Before I start to develop a new crawler, I was searching these tools listed below which were written in C#:

Abot is a good crawler but it has no free support if you need to implement some custom things, also there is not enough documentation.
DotnetSpider has really good design, its architecture using the same as the most using crawlers like Scrapy and WebMagic. But documentation is Chinese so even though I translated it to English with Google translate, it's hard to learn how to implement custom scenarios. Also, I want to insert crawler output to SQL Server database but it was not working properly, I have opened an issue on GitHub but no one has responded yet.

I had no other option to solve my problem with limited time. And I did not want to spend more time to investigate more crawler infrastructures. I have decided to write my own tool.

Basics of Crawler

Searching a lot of repositories give me an idea to create a new one. So the main modules of crawler architecture are almost the same, all of one and all of them go to the big picture of crawler’s life, you can see one below:

Main modules of Crawler

This figure shows the main modules that should be included in a common crawler projects. Therefore, I have added these modules as a separate project under Visual Studio solution.

Basic explanations of these modules are listed below:

Downloader; responsible for downloading to given URL into local folder or temp and return to htmlnode objects towards processor.
Processors; responsible for processing given HTML nodes, extract and find intended specific nodes, load entities with these processed data. And return this processor to pipeline.
Pipelines; responsible for exporting entity to different databases which uses from application.
Scheduler; responsible for scheduling crawler commands in order to provide polite crawl operations.

Step by Step Developing DotnetCrawler

As per the above modules, how could we use Crawler classes? Let's try to imagine and after that, implement together.

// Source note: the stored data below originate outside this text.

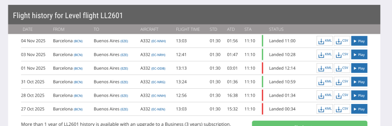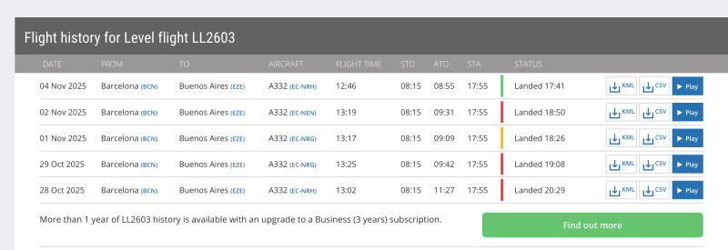 Durante los primeros días de noviembre, algunos vuelos de LEVEL entre Barcelona y Buenos Aires fueron cancelados o reprogramados, y varios pasajeros fueron redirigidos en vuelos de KLM e incluso ITA. Esto sugiere que la aerolínea de bajo costo del grupo IAG enfrentó problemas operativos, posiblemente por la salida temporal de servicio de alguno de sus aviones. Según se pudo observar en sistemas de seguimiento de vuelos, LEVEL operó durante unos días con su propio código (LL) y luego volvió al de Iberia (IB). La situación evidencia la presión sobre su flota y la creciente demanda hacia Argentina.
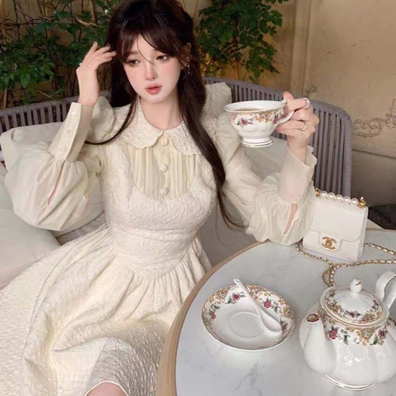 《訳ありアウトレット》送料無料 ◆ D1846 スカラップ 襟付き バルーンスリーブ ロングカフス ミニ ワンピース《オフホワイト》 ホワイトドレス 白ドレス 長袖 ドレス ミニ ミニドレス 異素材ミックス 白レース襟 インポート パーティードレス お出かけ メール便 パーティーコーデ お呼ばれ 袖あり インポートワンピース かわいい 韓国 衣装 発表会 結婚式 謝恩会 同窓会 卒業パーティー 訳ありアウトレット わけあり 訳あり
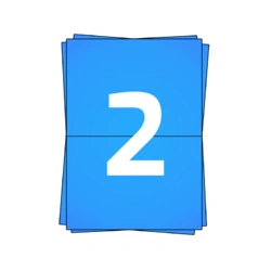 Estas hojas de pegatinas azules A4 tienen 2 etiquetas por hoja. Así que hay 2 pegatinas A5 en 1 hoja. Las etiquetas autoadhesivas A5 tienen un adhesivo permanente y están hechas de papel decolorado sin cloro, por lo que se pueden pegar en diferentes superficies como papel, cartón y lámina. Las hojas de etiquetas A4 son adecuadas para todas las impresoras de chorro de tinta y láser, así como para máquinas offset y copiadoras. Hay 100 hojas en una caja. En este caso, 200 etiquetas A5 azules. Las hojas de pegatinas A4 de 210 mm x 148 mm se utilizan a menudo como etiquetas de almacén y para las cajas. Debido a su tamaño, también se denominan pegatinas A5, etiquetas A5.
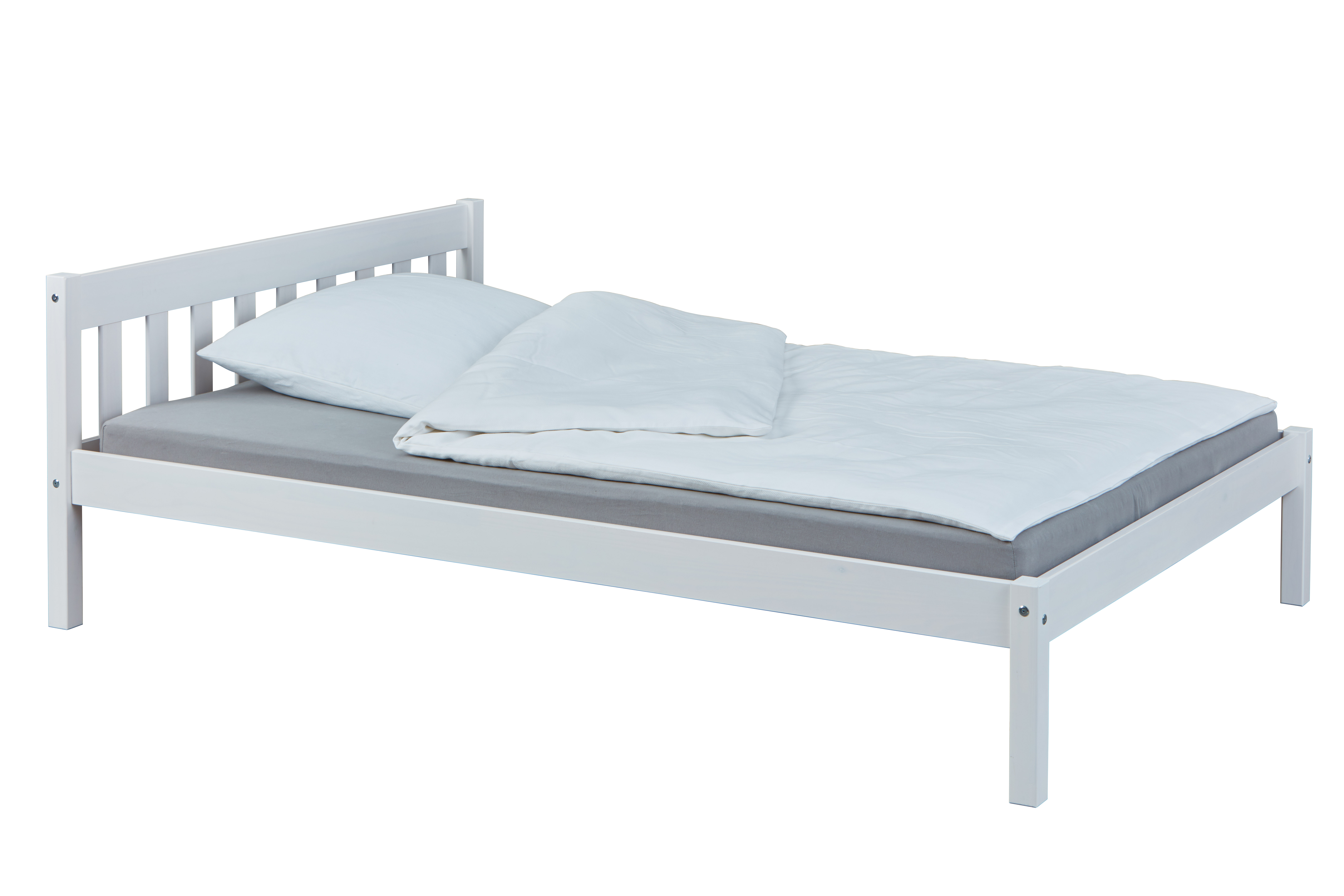 Vilmar schafft eine angenehme Schlafatmosphäre, die Wärme und Wohlbefinden ausstrahlt. Sein zeitloses Design und die solide Konstruktion sorgen für erholsamen Schlaf und einen entspannten Start in den Tag. Das Bett ist weiß lackiert, wobei die natürliche Holzmaserung leicht sichtbar bleibt. Der wasserabweisende und pflegeleichte Lack macht es besonders alltagstauglich.
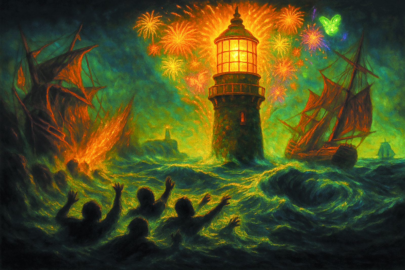 Ενα απόβραδο, φορτωμένο ομίχλη, που ανέβηκε να ελέγξει τα κάτοπτρα, παραξενεύτηκε: οι φωτεινές αναλαμπές έμοιαζαν αδύναμες, σαν να είχαν κουραστεί από την ίδια τη μονοτονία τους. Και τότε γεννήθηκε μέσα του μια παράτολμη ιδέα· με ποιο τρόπο να κάνει τον φάρο του μοναδικό. Τη ιδία νύχτα εκείνη, ένιωσε τον βοριά που λυσσομανούσε να τον ορμηνεύει: «Τόλμησέ το».
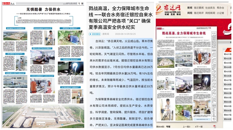 圖為《宿遷日報(bào)》、“速新聞”、“宿遷網(wǎng)”刊登宣傳 制作高峰供水電視宣傳片,加深用戶直觀感受。今年的高峰供水宣傳增添了一大亮點(diǎn),即由地方電視臺節(jié)目組深入供水一線錄制、播出宣傳。經(jīng)過長時間籌劃、宣傳片腳本的反復(fù)修訂、領(lǐng)導(dǎo)審核,歷時一個多月,公司高峰供水宣傳片在宿遷綜合頻道、公共頻道播出,引起了很大反響。電視節(jié)目的播出,將供水的工作場景直觀展現(xiàn)在用戶面前,充分體現(xiàn)了供水人不畏酷暑、力保供水的可貴精神,獲得社會高度認(rèn)可。
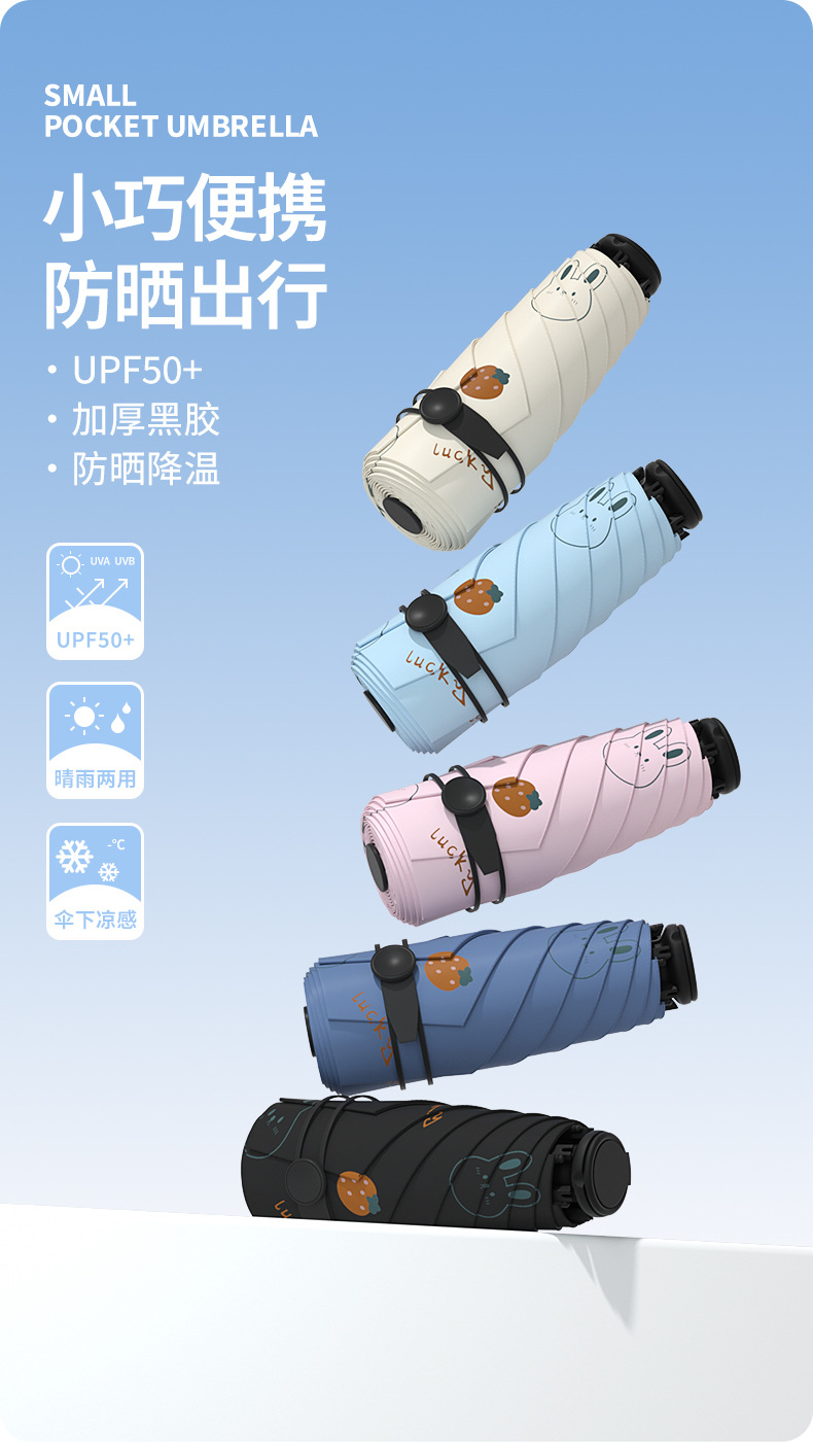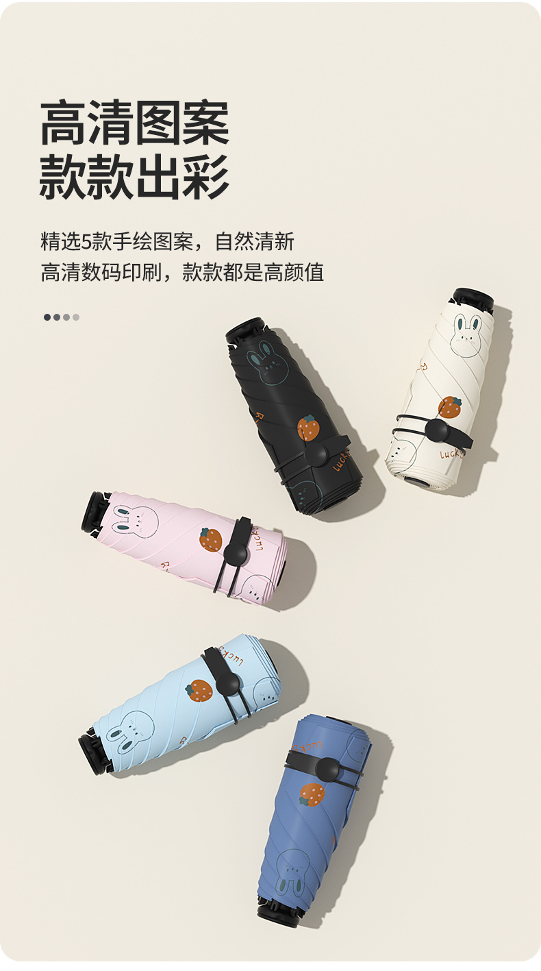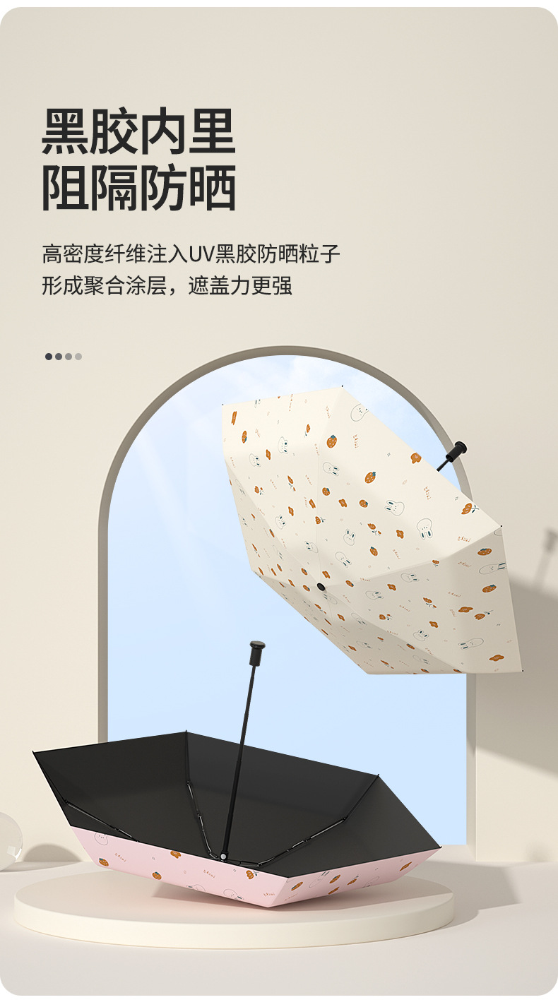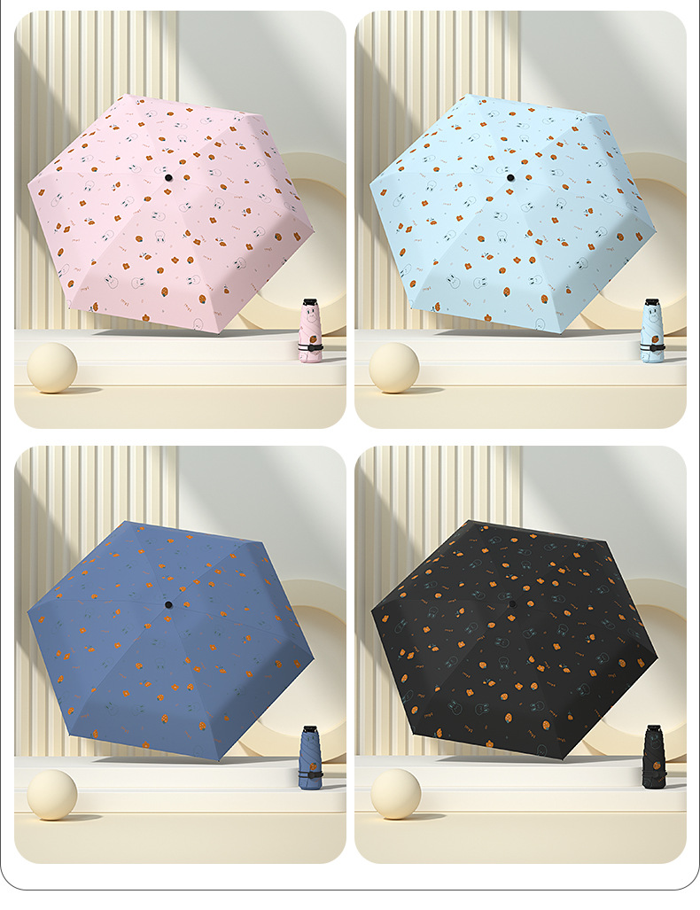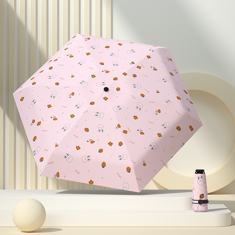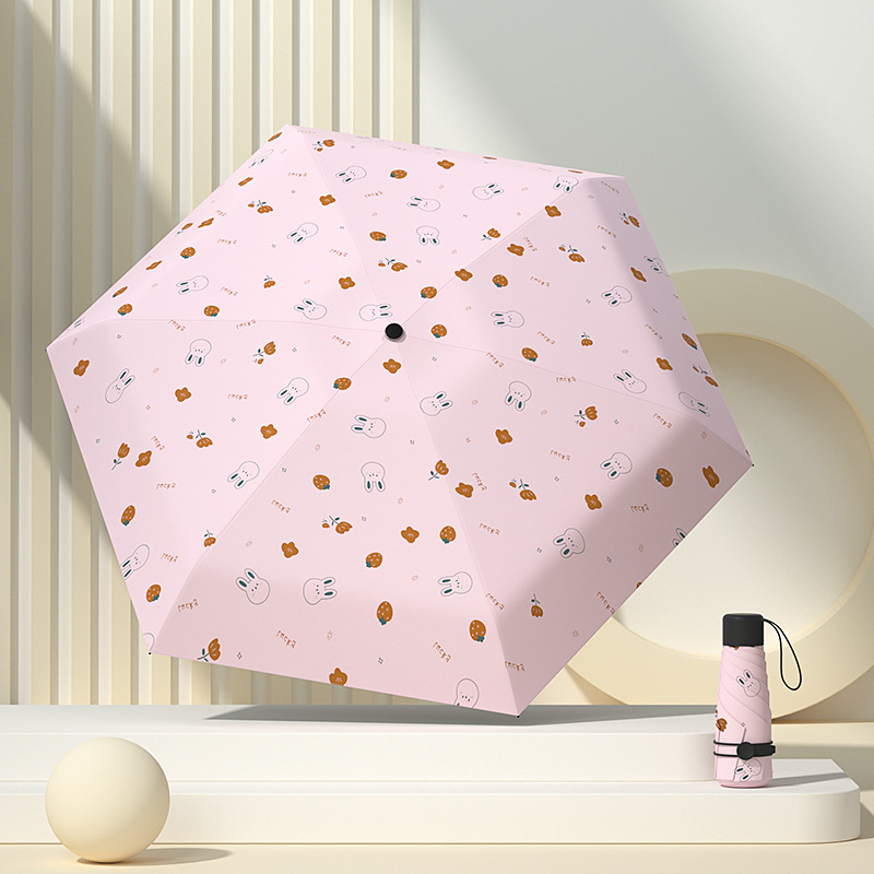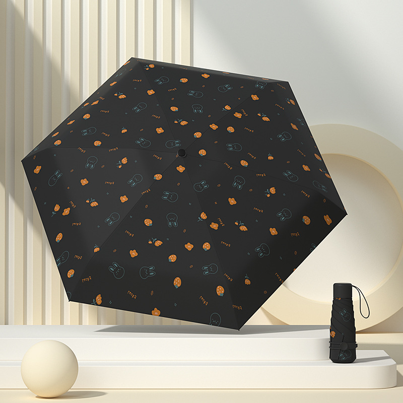 태양 우산 다섯 배 우산 여성의 검은 색 고무 선 스크린 UV 보호 울트라 라이트 폴딩 도매 인쇄 로고 우산 맑고 비오는 이중 사용스토어 가기

static async Task MainAsync(string[] args)
{
    var crawler = new DotnetCrawler<Catalog>()
                         .AddRequest(new DotnetCrawlerRequest 
                         { Url = "https://www.ebay.com/b/Apple-iPhone/9355/bn_319682", 
                           Regex = @".*itm/.+", TimeOut = 5000 })
                         .AddDownloader(new DotnetCrawlerDownloader 
                         { DownloderType = DotnetCrawlerDownloaderType.FromMemory, 
                           DownloadPath = @"C:\DotnetCrawlercrawler\" })
                         .AddProcessor(new DotnetCrawlerProcessor<Catalog> { })
                         .AddPipeline(new DotnetCrawlerPipeline<Catalog> { });

    await crawler.Crawle();
}

As you can see, DotnetCrawler<TEntity> class has a generic entity type which will be used as a DTO object and saving the database. Catalog is a generic type of DotnetCrawler and also generated by EF.Core scaffolding command in DotnetCrawler.Data project. We will see this later.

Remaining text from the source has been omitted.